→ EXERCISE DATA
┌────────
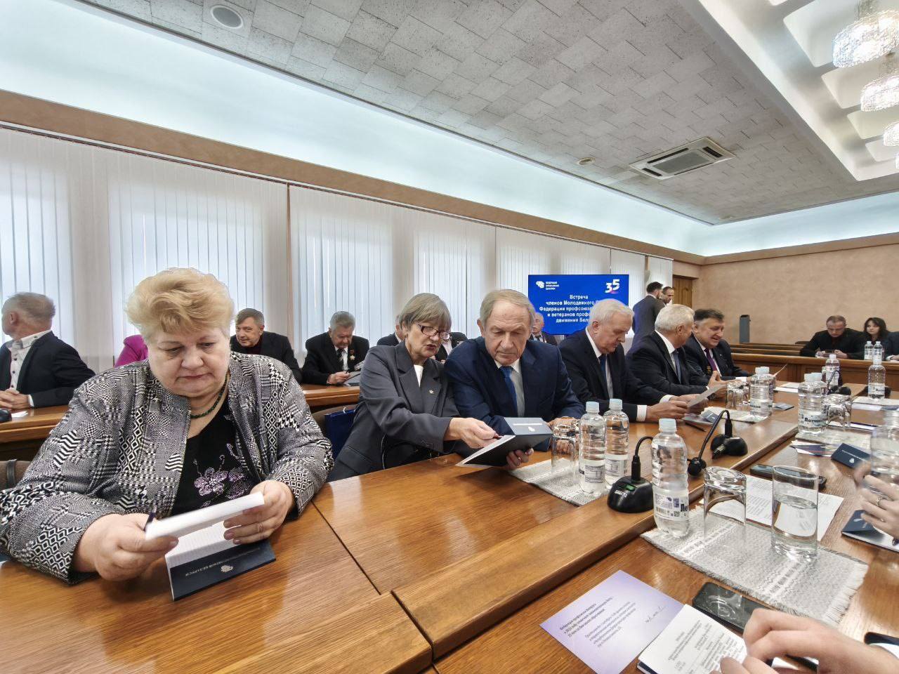 Сегодня наша большая профсоюзная семья празднует юбилей! В честь этого в штаб-квартире ФПБ прошла тёплая встреча молодежного актива с ветеранами профсоюзного движения.
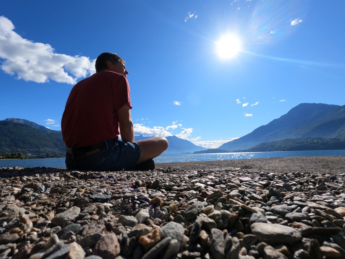 En passant par les Alpes, il faut faire des étapes. Nous visons le camping la Breva que nous connaissons depuis longtemps. Il se trouve dans la partie nord et à l’ouest du du lac. Il a toujours été très agréable, pas trop plein et surtout visité par des campeurs italiens. Or, cette fois-ci, on nous assigne une place un peu terreuse réservé par quelqu’un venant un jour plus tard. Elle est en plein soleil, mais le manque d’arbre est même très bien car il pleut le soir et cela évite le bruit des grosses gouttes sur la tôle du camion. Contrairement à nos deux autres passages, il y a maintenant presque exclusivement des campeurs allemands ce qui enlève beaucoup au charme italien de la basse saison.
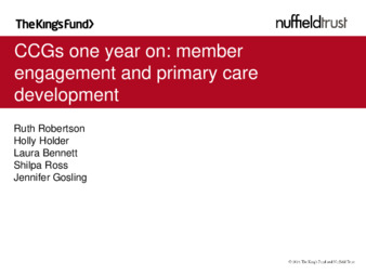 Primary care co-commissioning : a survey of members’ views of their CCG and its role in primary care.
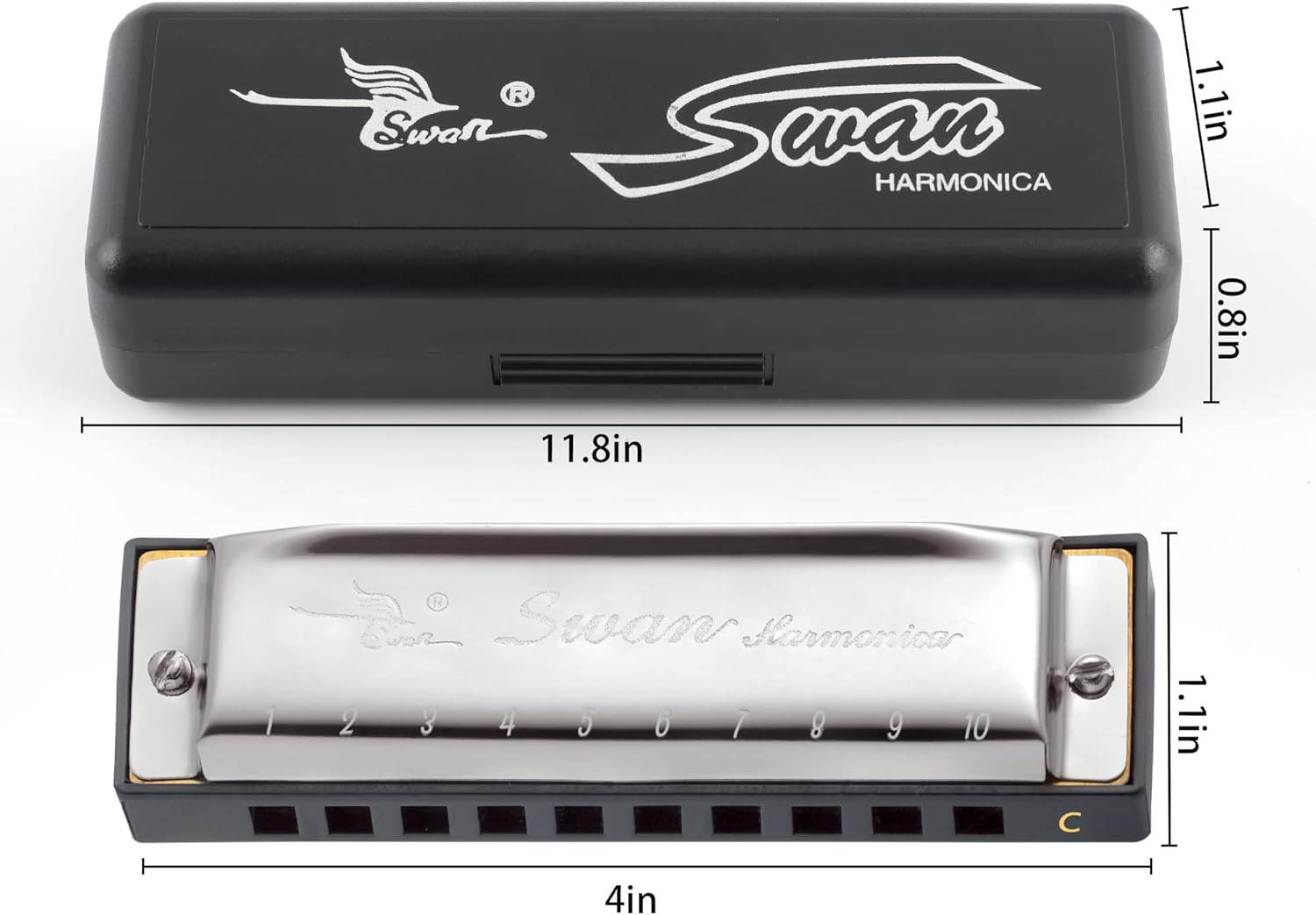 - Compact And Portable: At 4.33 Inch long, 1.57 Inch wide, and weighs only 0.22 pounds, the SWAN harmonica is extremely portable. It comes with a protective case for safe storage.
└────────
→ EXERCISE
Repeat the lines exactly as they stand, from the opening line of the data through the line with "Primary care co-commissioning". Pictures stay out of the copy.

→ TASK OUTPUT
 Сегодня наша большая профсоюзная семья празднует юбилей! В честь этого в штаб-квартире ФПБ прошла тёплая встреча молодежного актива с ветеранами профсоюзного движения.
 En passant par les Alpes, il faut faire des étapes. Nous visons le camping la Breva que nous connaissons depuis longtemps. Il se trouve dans la partie nord et à l’ouest du du lac. Il a toujours été très agréable, pas trop plein et surtout visité par des campeurs italiens. Or, cette fois-ci, on nous assigne une place un peu terreuse réservé par quelqu’un venant un jour plus tard. Elle est en plein soleil, mais le manque d’arbre est même très bien car il pleut le soir et cela évite le bruit des grosses gouttes sur la tôle du camion. Contrairement à nos deux autres passages, il y a maintenant presque exclusivement des campeurs allemands ce qui enlève beaucoup au charme italien de la basse saison.
 Primary care co-commissioning : a survey of members’ views of their CCG and its role in primary care.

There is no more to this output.